Besides being available for purchase on their official e-commerce website www.qua.clothing, Qua also retails on Myntra, Tata Cliq Luxury, LBB, HYPD and Stylenook. The brand is also in the process of onboarding Nykaa.
Determined to forever stay ahead of the curve, Qua plans to introduce blockchain in its technical system in the near future, and will start accepting payments in cryptocurrencies subject to Government policies.
With the aim of becoming a one-stop shop to meet all the sartorial needs of working women, Qua is all geared up for dropping additional product categories such as footwear, handbags and accessories in its upcoming collections.
**Bharat graduated in Metallurgy from IIT-BHU, whilst Rupanshi graduated in Computer Science and worked in a tech company prior to starting Qua.
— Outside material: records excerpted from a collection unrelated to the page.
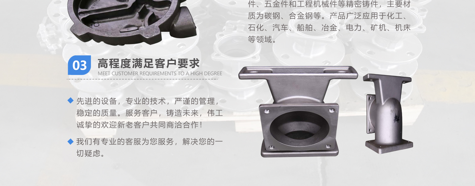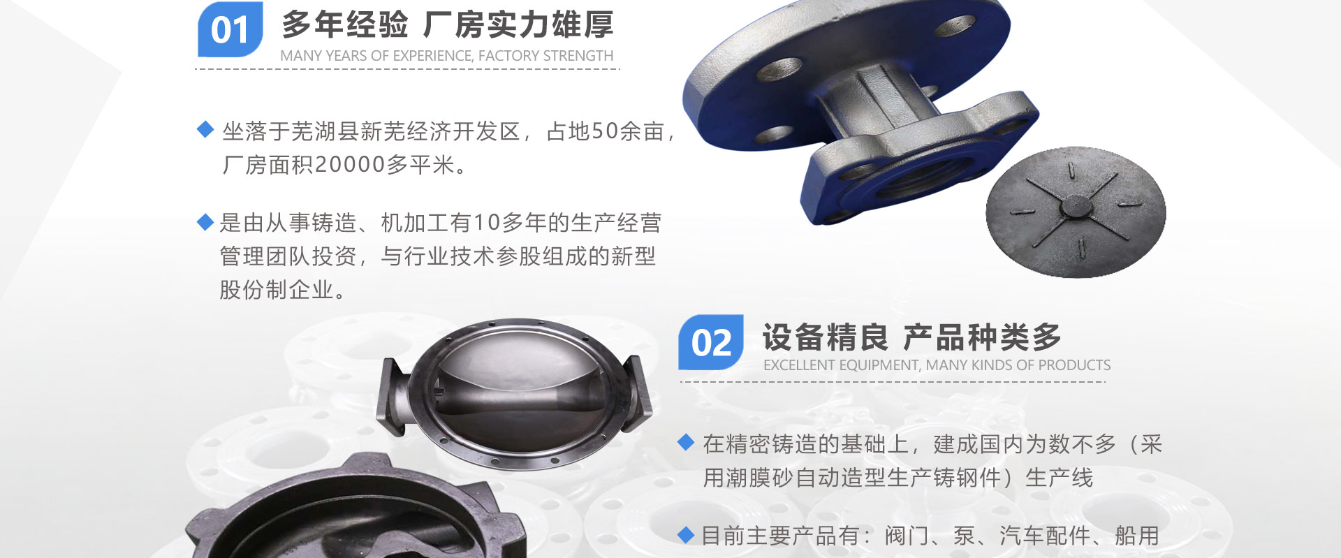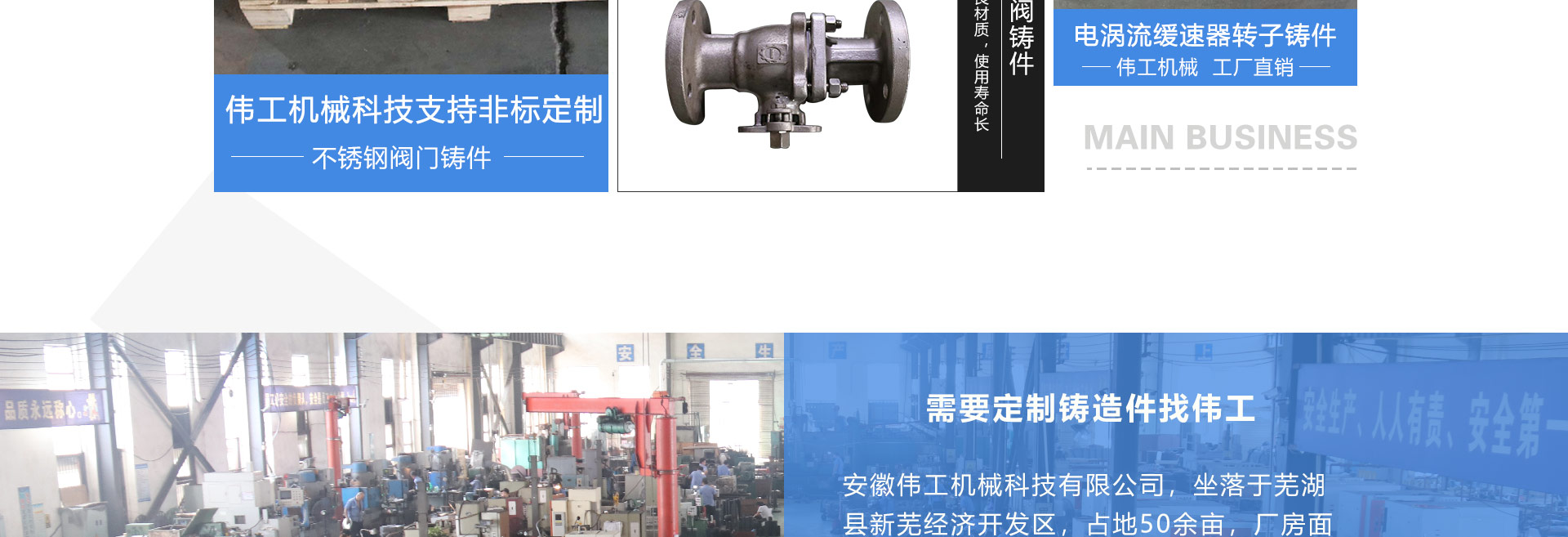 安徽偉工機(jī)械科技有限公司,坐落于安徽蕪湖新蕪經(jīng)濟(jì)開(kāi)發(fā)區(qū),是一家専業(yè)從事鑄造產(chǎn)品設(shè)計(jì)、研發(fā)、生產(chǎn)、銷售于一體的企業(yè),公司為客戶的產(chǎn)品提供多樣的技術(shù)支持與設(shè)計(jì),公司主要鑄造技術(shù)有潮模砂鑄造、硅溶膠精鑄工藝。主要產(chǎn)品有:不銹鋼閥門(mén)配件、泵閥配件、汽車配件、工業(yè)管道配件、工程機(jī)械配件、汽車配件等。材質(zhì)為:低合金鋼、304、316、316L、鉻鉬鋼、哈氏合金、碳鋼、雙相鋼等。公司已先后通過(guò)ISO9001和TS16949等多種體系審核,以完備的管理手段和齊全的檢測(cè)設(shè)備滿足客戶需求,進(jìn)的設(shè)備,専業(yè)的技術(shù),嚴(yán)謹(jǐn)?shù)墓芾恚€(wěn)定的質(zhì)量。服務(wù)客戶,鑄造未來(lái),偉工誠(chéng)摯的歡迎新老客戶共同商洽合作
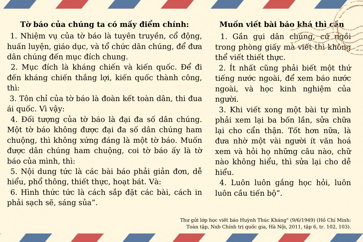 Nhà báo Hồ Chí Minh là một tấm gương mẫu mực để minh họa khi nói đến vai trò của báo chí trong việc phục vụ nhân dân, phục vụ xã hội.
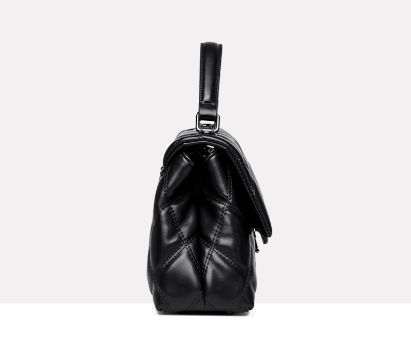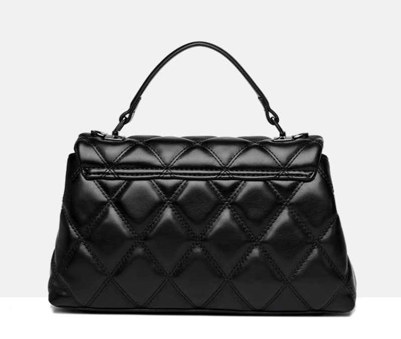 This sophisticated women's bag combines timeless elegance with modern design. Crafted from high-quality faux leather, it features a luxurious diamond-quilted pattern across the flap and body. The sleek black exterior is complemented by a contemporary rectangular push-lock closure. It offers versatile carrying options with a comfortable top handle for handbag style and a detachable, adjustable long strap for shoulder or crossbody wear. Perfect for adding a touch of classic chic to any outfit, from daily errands to evening events.
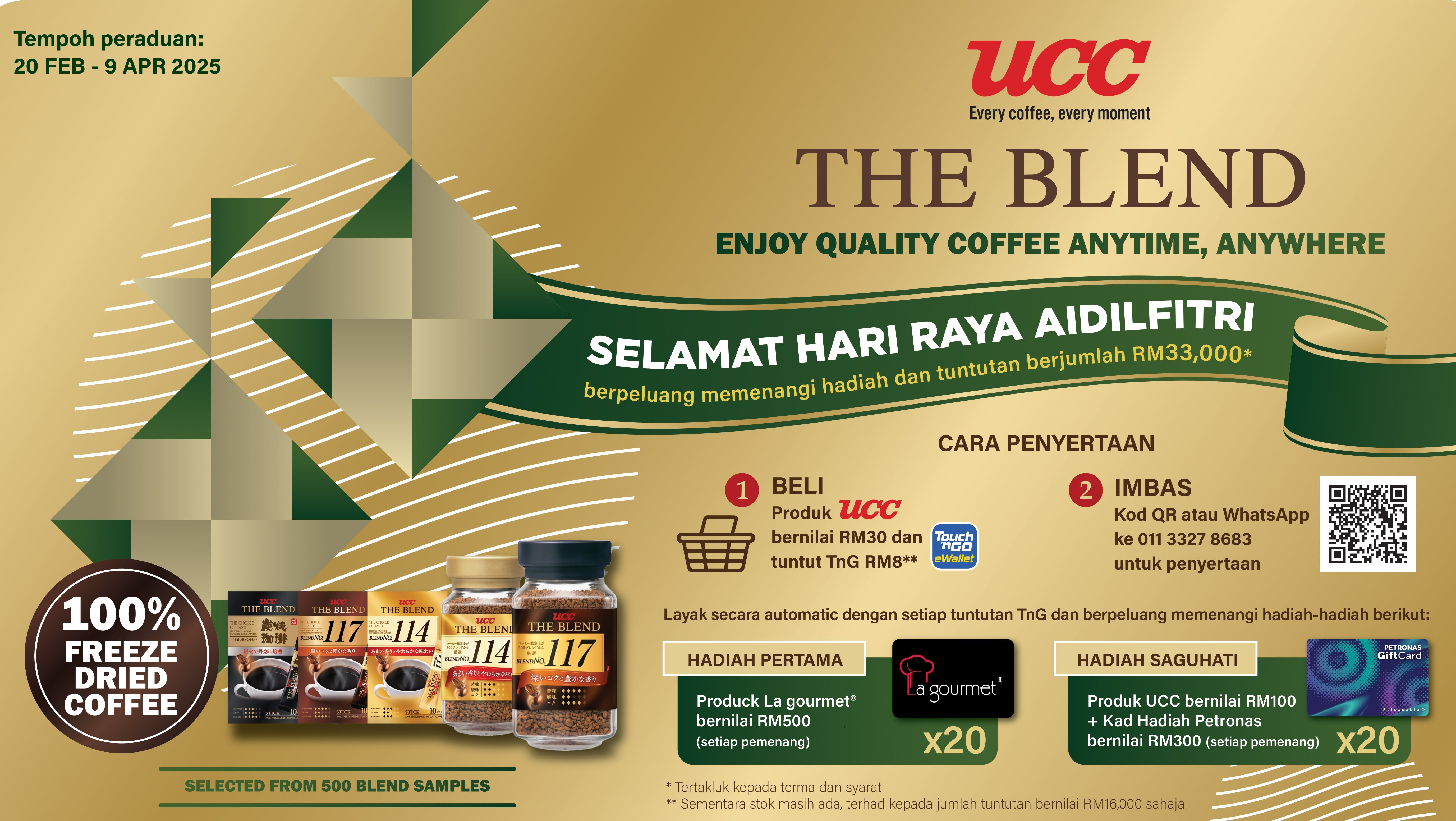 - Kempen UCC ‘Selamat Hari Raya Aidilfitri’ nilai berjumlah RM33,000 (“Kempen / Peraduan”) ini dianjurkan oleh UCC Coffee Malaysia Sdn Bhd (“Pihak Penganjur” atau “Penganjur”).
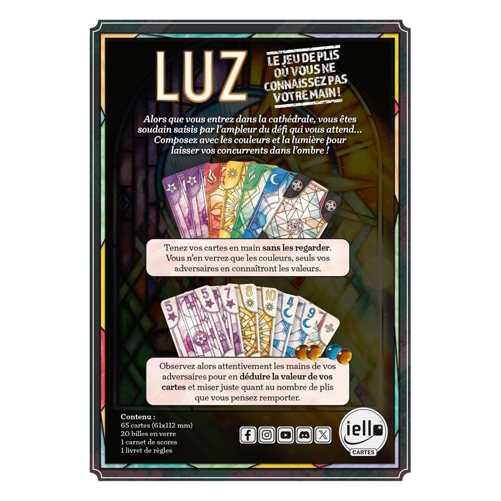 Bienvenue dans l’univers fascinant de Luz, en tant que meilleurs maîtres-verriers du monde, vous êtes appelés à créer des vitraux d’une beauté inégalée. Mais attention, la subtilité de Luz réside dans le fait que vous ne connaissez pas la valeur exacte de vos propres cartes ! Vous devrez déduire, parier et manœuvrer habilement pour surpasser vos concurrents et laisser votre empreinte dans l’histoire du verre.
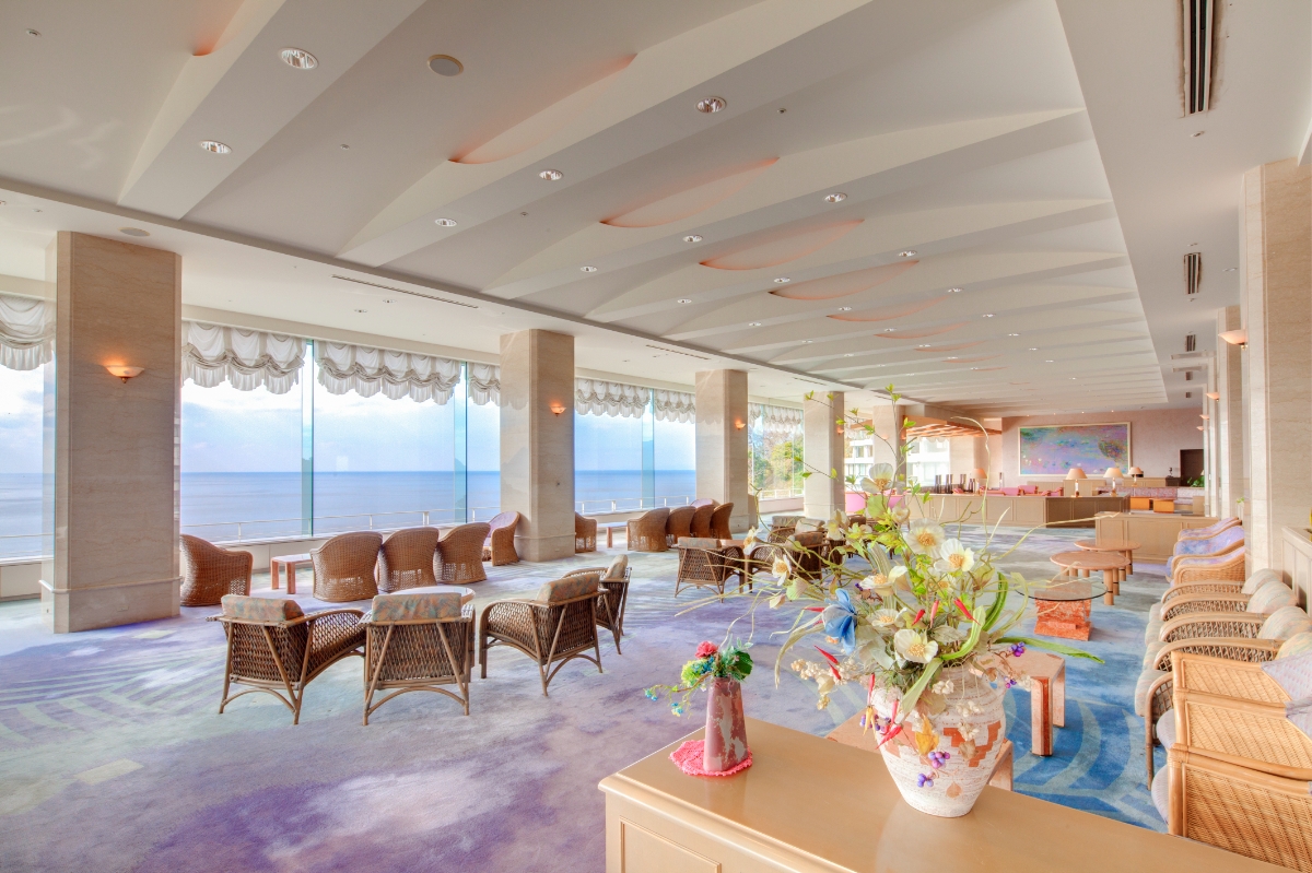 ラウンジは海抜58メートル、鳥の羽ばたく視界の高層階から眺める海は圧巻のひとこと。
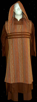 A costume featured in the ninth Star Trek feature film “Insurrection”. This costume is that of a Ba’ku male and consists of a long-sleeved, pumpkin-colored shirt, metal latch at the collar, a gray vest with oversized shirt tails, and brown trousers. A sewn in tag in all three items reads … |
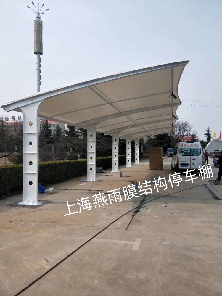 膜结构停车棚2.艺术性:除了一般雨蓬不可比拟的实用、耐用、遮风挡雨的功能外,膜结构雨蓬更是一座雕塑,一件艺术品,给人美的视觉享受。其柔美,其曲线,其刚柔并济,其丰富造型,其洁白无瑕,让人眼前一亮,回味悠长。
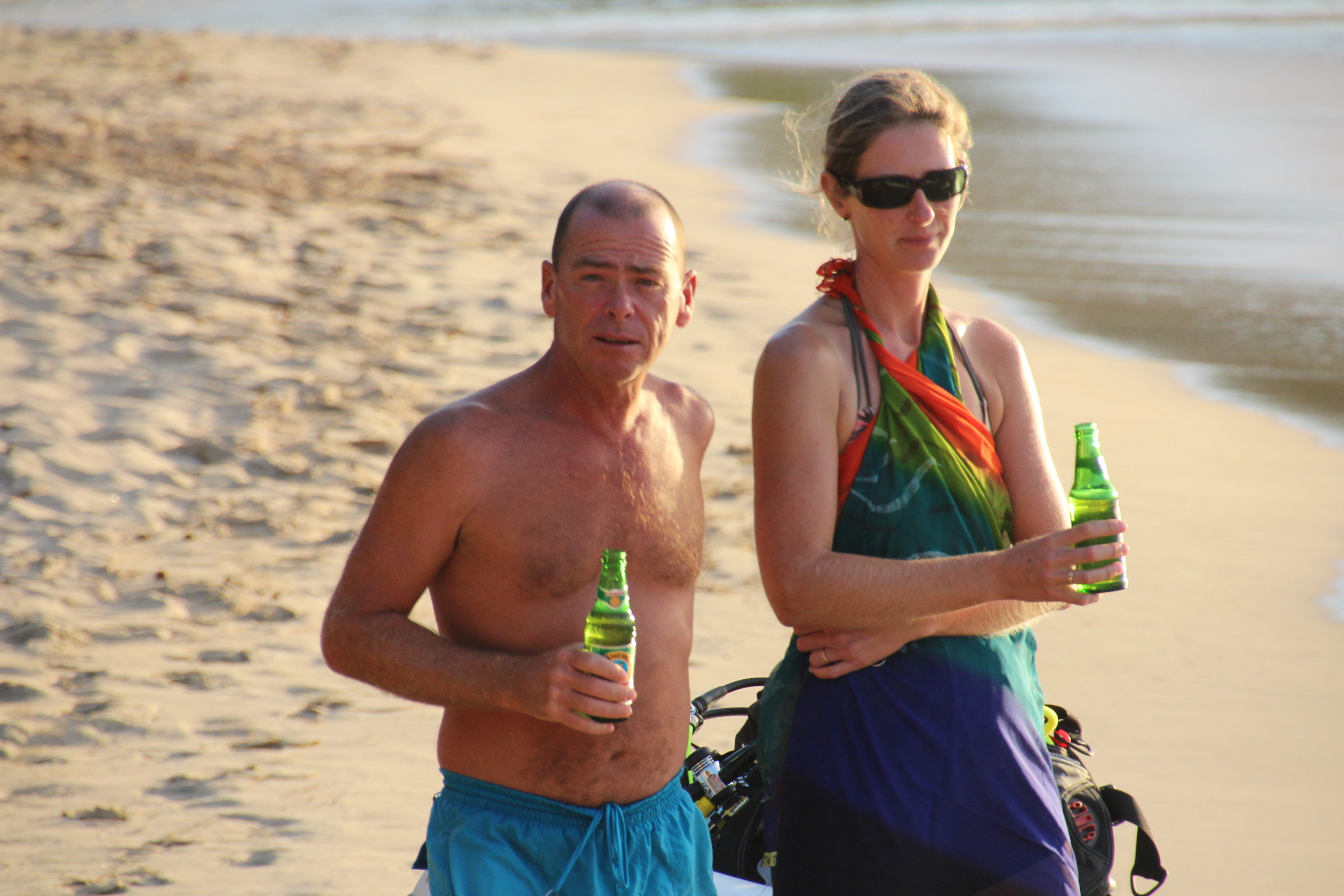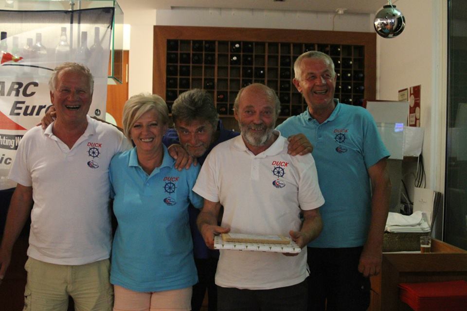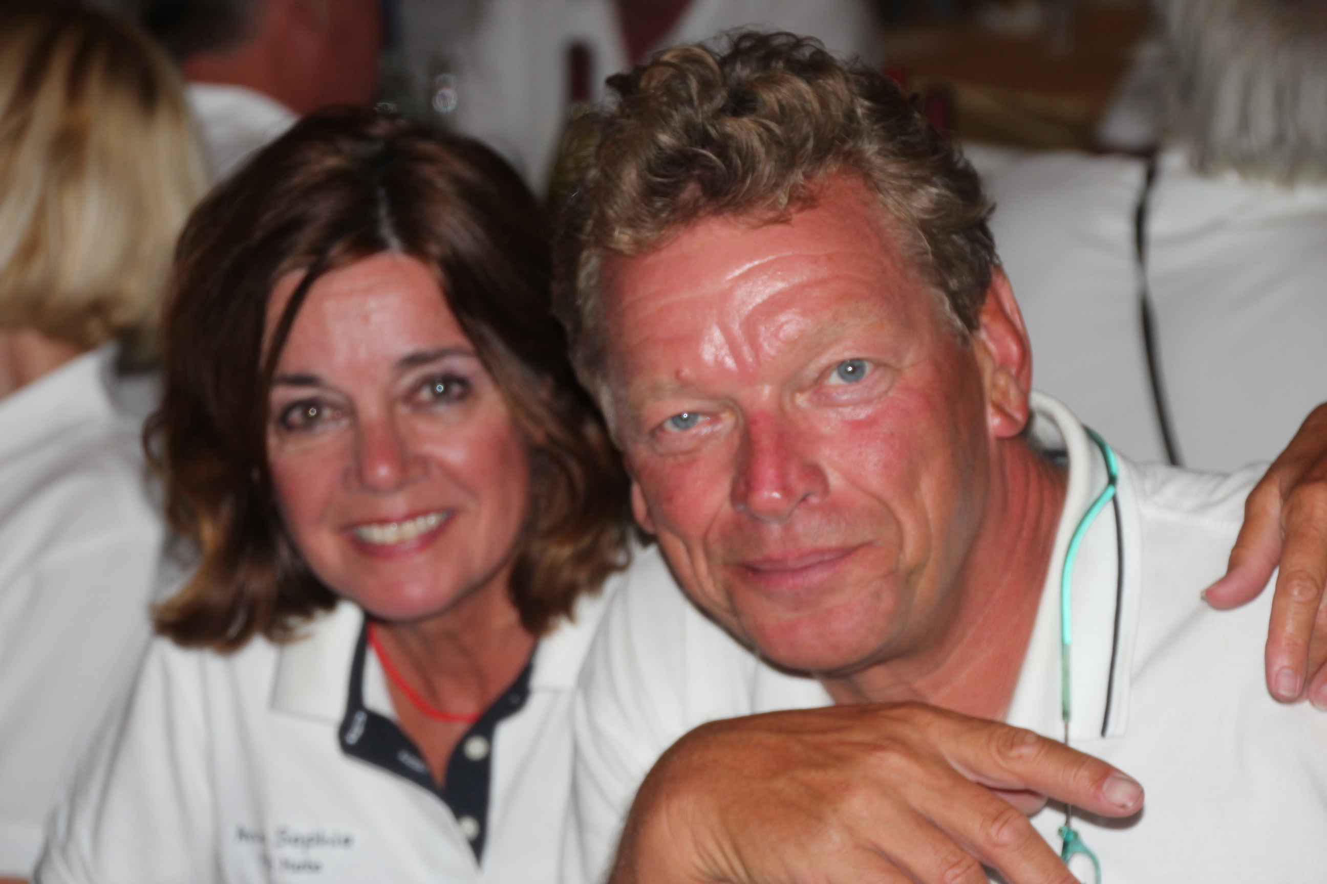SY BLUE DOLPHIN (UK): Carol and Mike (in der Mitte des Bildes anlässlich Mikes 65. Geburtstages)
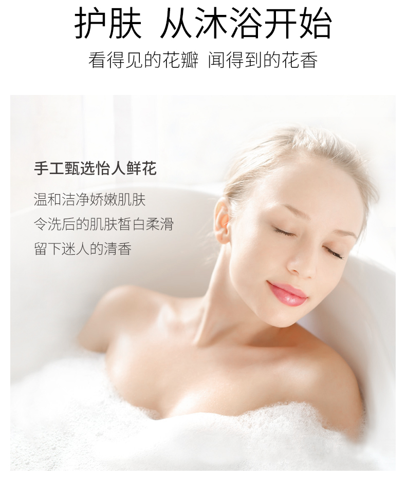 蕴含丰富的植物精华,为肌肤与花瓣制造一场浪漫的邂逅,除去一身疲惫,让肌肤更水嫩弹性,香气迷人。撩汉神器,女神必备!
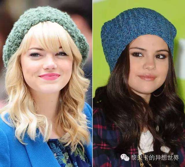 圆脸们也可以戴没有帽檐的针织便帽,但戴它时要搭配斜分刘海或者中分发型才能更好地修饰脸型。尽量把帽子往额头后方戴。对比一下。左边艾玛石就显得脸部线条更修长了,右边Selina Gomez就显得更加圆鼓鼓的。

“I’ve always had a passion and an eye for fashion, but the lack of a fashion degree is something that always held me back from working in this industry. Soon I realised that, it doesn’t really matter if you have the passion for it. Being a successful entrepreneur is as much about passion and persistence as the idea itself,” Rupanshi told AR.
At Qua, Rupanshi handles design, production and marketing whilst Bharat is responsible for technology, operations and performance.
The brother-sister duo complement each other perfectly – Bharat being more analytical, has a logical way of thinking – he is a problem solver, whereas Rupanshi is more creative and outgoing making it easier for her to network and envision the brand out of her own experiences as a working woman.
Founded in July 2019, Qua has been growing consistently and today, comprises a team of 2-10 employees with the main manufacturing unit located in New Delhi, India.